We'll start by taking a closer look at the Google Forms responses to our example survey.

f3d25efd2cc923f5.png

Survey results can be exported from the "responses" tab by clicking the Google Sheets icon and creating a new spreadsheet or loading the results into an existing one. Google Forms will continue to add responses to the spreadsheet as responders submit their replies until you deselect the "Accepting responses" button.

d499e5a4dccdf5fd.png

4939332a5d8f9f19.png

Let's now review each response type and how it translates in the Google Sheets file.

Survey questions can be grouped into four families that will have a particular export format. Based on the type of question, you will need to restructure the data in a certain way. Here, we review each of the groups and the types of transformations that we need to apply.

Single Choice Questions: short answer, paragraph, dropdown, linear scale, etc.
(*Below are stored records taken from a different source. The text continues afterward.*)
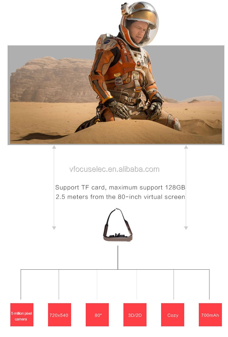 | Battery: | 1800mAH, video playback for 4 hours | Virtual screen size: | > 80" |
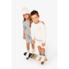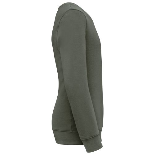 85% algodão biológico / 15% poliéster reciclado pós-consumo Algodão penteado ringspun. Corte justo. Interior cardado 3 fios LSF (Low Shrinkage Fleece). Com banho de enzimas. Meia-lua nas costas. Malha rib 1 x 1 no decote, no cós e nos punhos. Pesponto duplo nos punhos, nas cavas e no cós. Pesponto simples no decote. Decote com tapa-costuras no interior em chevron. Certificações : GOTS / Algodão Biológico EVE Vegan Polyester recyclé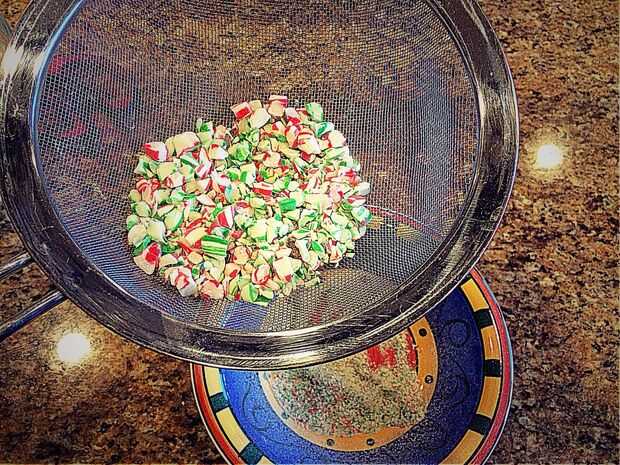 Vierta los bastones de caramelo triturado en un tamiz y golpee levemente para quitar los trozos finamente picados.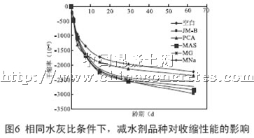 2.2 相同水灰比條件下,不同減水劑品種在相同摻量下對收縮性能的影響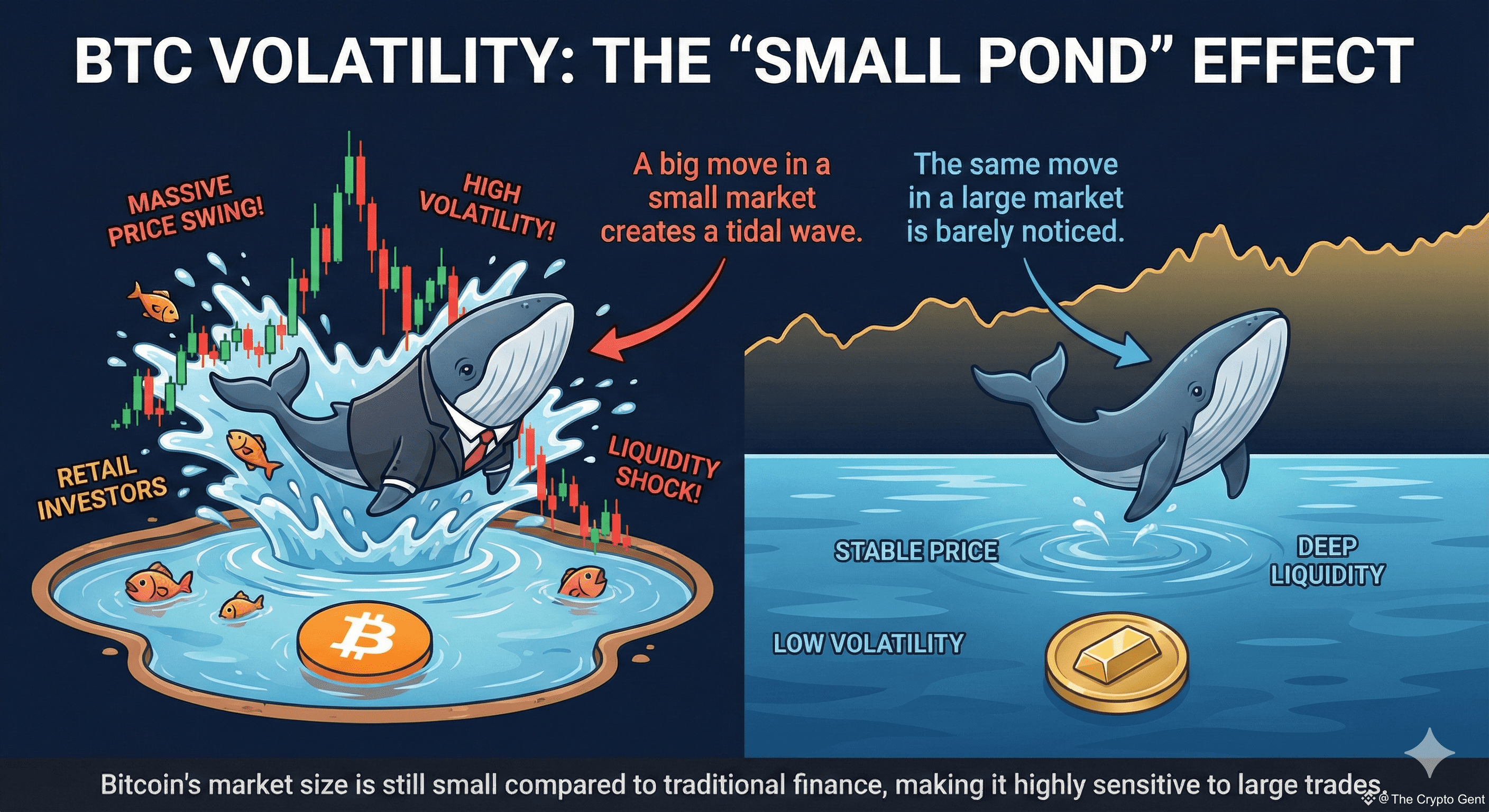 * Bitcoin ($1-2 Trillion) is a Lake. If a "Whale" (a billionaire investor) drops a rock in it, it creates massive waves.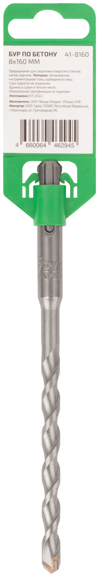 Бур изготовлен из легированной инструментальной стали и оснащен карбидной вставкой, что обеспечивает долгий срок службы и высокую эффективность при работе с твердыми материалами. Хвостовик SDS-Plus гарантирует прочное крепление в патроне и минимизацию вибрации.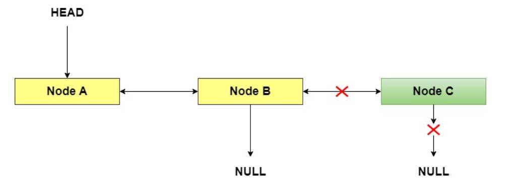 # If there is only one node elif self.head.next is None: self.head = None else: # Traverse to the last node and rearrange pointers to delete the last node temp = self.head while temp.next is not None: temp = temp.next temp.prev.next = None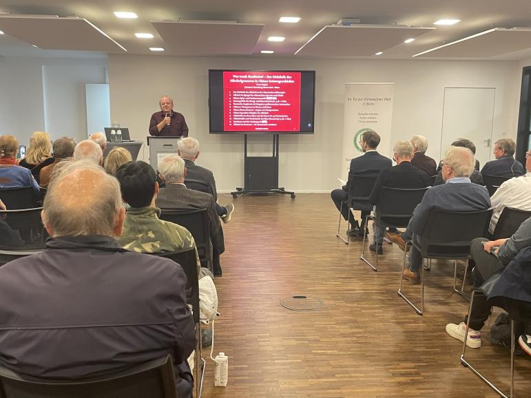 当地时间10月24日19点波恩大学孔子学院与波恩大学俱乐部共同举办了名为“孔子喝什么——中国饮酒文化中的辩证法”主题讲座。德国著名汉学家柯彼德(Prof. Dr. Peter Kupfer)为本次活动的主讲人。波恩大学俱乐部负责人根特·舒尔茨教授(Prof. Dr. Günther Schulz)和波恩大学汉学系的廉亚明教授(Prof. Dr. Ralph Kauz)担任本次活动的主持人。
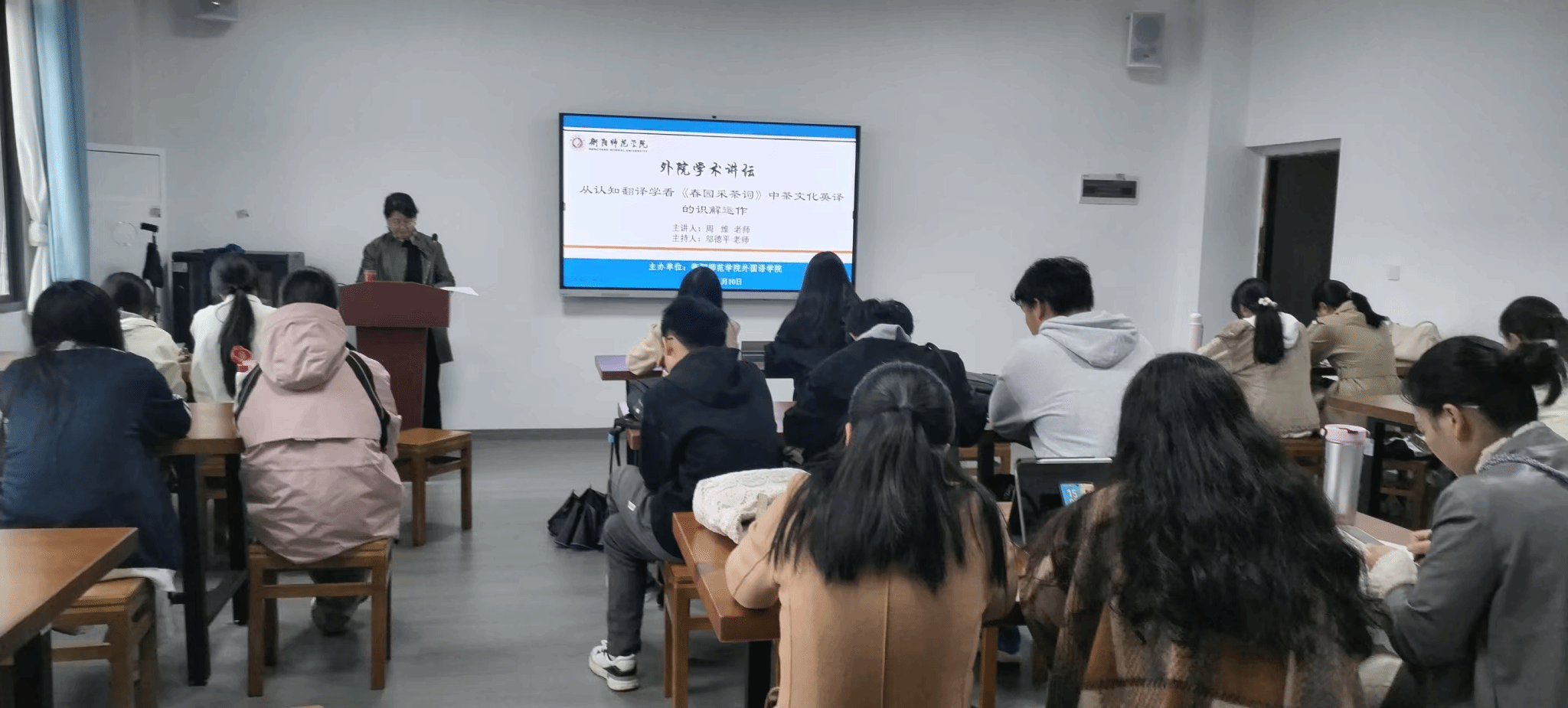 2025111015:00,伟德国际VICTOR1946于外语楼北504举办学术专题讲座。本次讲座以从认知翻译学看《春园采茶词》中茶文化英译的识解运作为主题,由周维老师主讲、邬德平老师主持,是本学期我院第四场学术活动。部分教师、研究生及本科生齐聚现场,共同探讨茶文化与翻译学的跨域融合之道。

  • Question name: column name
  • Response: cell value
  • Transformation requirements: no transformation is needed; the response is loaded as-is.

3eeedc50b0fd54fd.png

Multiple Choices Questions: multiple choices, checkbox

  • Question name: column name
  • Response: list of value with semicolon separator (e.g. "Resp 1; Resp 4; Resp 6")
  • Transformation requirements: the list of values needs to be extracted and pivoted, so each response becomes a new row.

cab8a38a96a13ce4.png

Multiple Choices Grid Questions

Here is an example of a multiple choices question. One has to select one single value from each row.

c6ea3d47d4dd5e78.png

  • Question name: each individual question becomes a column name with this format "Question [Option]".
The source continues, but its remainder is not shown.